C++20 Modules have the potential to greatly improve the build process for large-scale projects; however, current tooling support is less-than-intuitive.

This is a brief tutorial showing how to build a C++ project on MacOS that uses modules, and what changes are required for cmake to successfully build it.

C++20 introduced modules as a modern alternative to the traditional #include directive, addressing some of the long-standing inefficiencies in the language’s compilation model. For decades, C++ developers have relied on header files to share declarations across translation units, but this approach has significant drawbacks. Every time a file is included, the preprocessor essentially copies and pastes its contents into the including file, leading to redundant parsing and excessive compilation times, especially in large codebases.

Modules offer a fundamentally different mechanism by allowing code to be compiled once and reused across translation units. Instead of repeatedly processing the same header files, the compiler can store and load precompiled module interfaces, drastically reducing compilation overhead. This not only speeds up the build process but also improves the scalability of large projects, where incremental builds become significantly more efficient.
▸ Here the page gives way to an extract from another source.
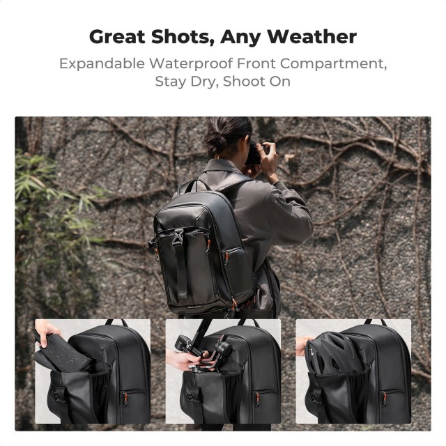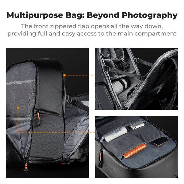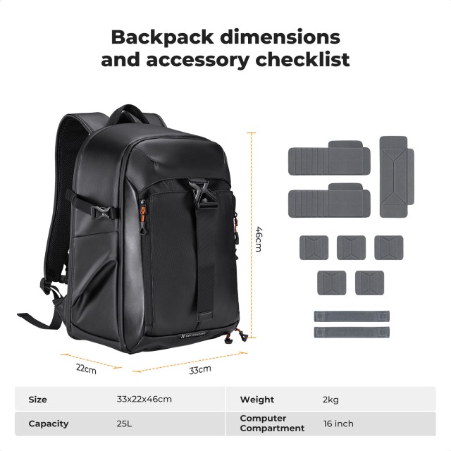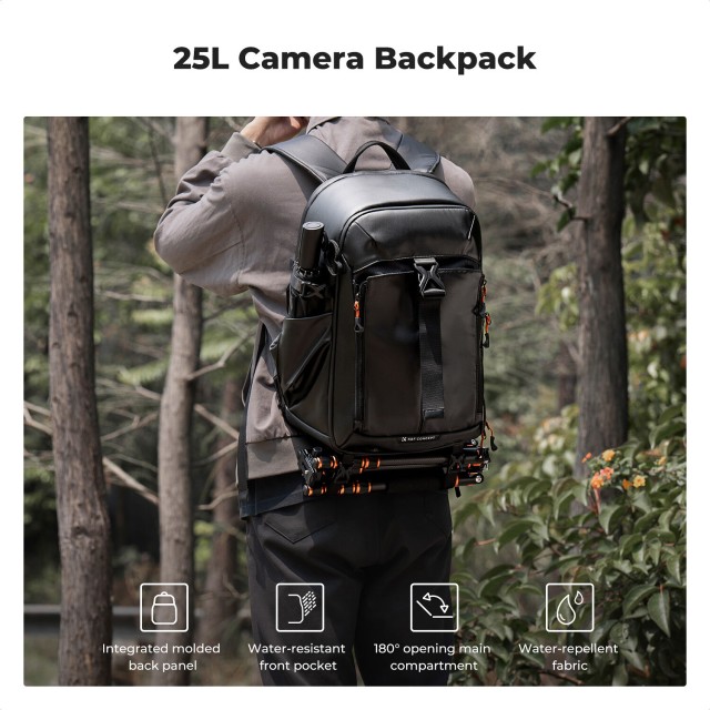Batoh je vyroben z odolného, voděodolného nylonu se zesílenými švy a obsahuje také pláštěnku pro ochranu před mírným deštěm. Vnější popruhy a skryté kapsy umožňují mít nezbytné věci po ruce a pohodlí zajišťuje prodyšné polstrování zad a nastavitelné popruhy. Je ideální pro fotografování ve městě, cestování nebo použití v terénu a jeho spolehlivé vlastnosti odrážejí podobný vysoce kvalitní design jako u jiných variant K&F 25 L. Ačkoli se odolnost může lišit a dlouhodobá podpora je omezená, mnoho uživatelů
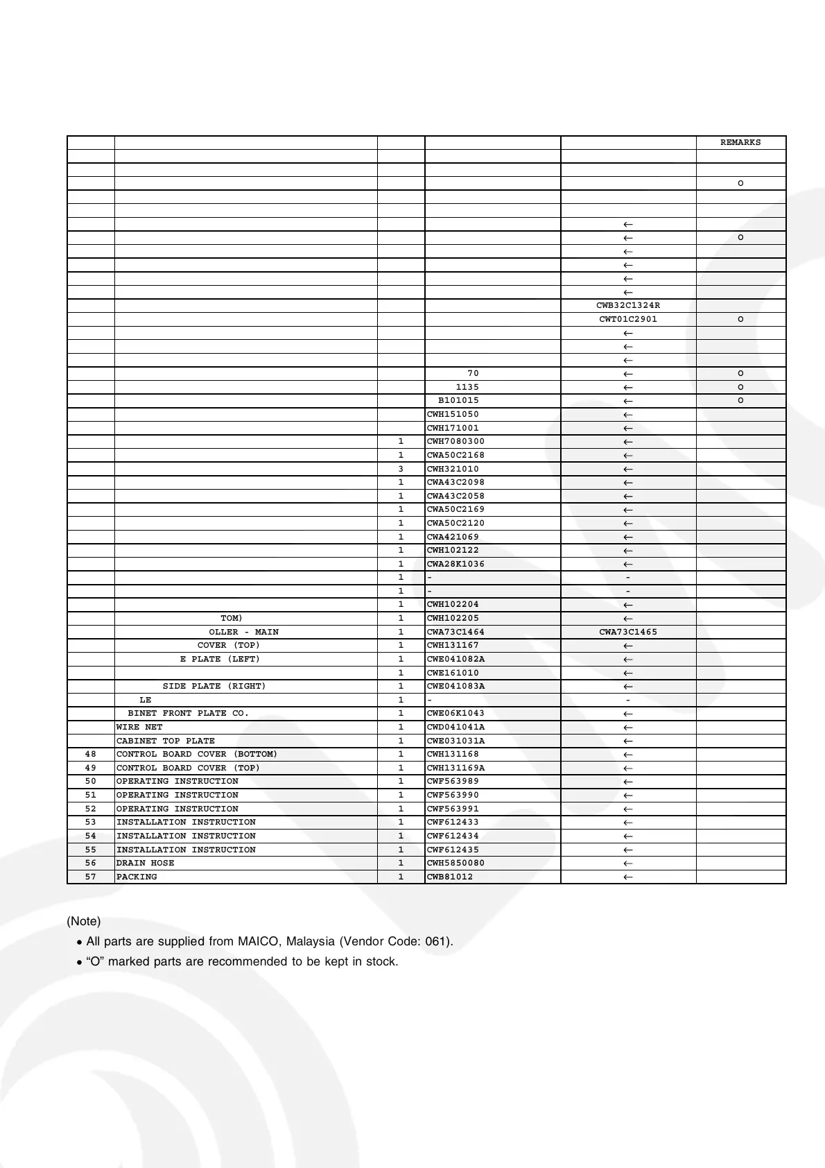 All parts are supplied from MAICO, Malaysia (Vendor Code: 061).

Beyond performance, modules also provide better encapsulation and dependency management. Unlike traditional headers, where all declarations are exposed by default, modules allow selective export of symbols, reducing the risk of unintended dependencies and improving overall code organization. Additionally, they help eliminate common pitfalls such as include order dependencies and macro pollution, making the language more robust and maintainable.

By moving away from #include directives and embracing modules, C++ developers can achieve faster builds, cleaner code, and a more reliable dependency structure, making C++20 a significant step forward for modern software development.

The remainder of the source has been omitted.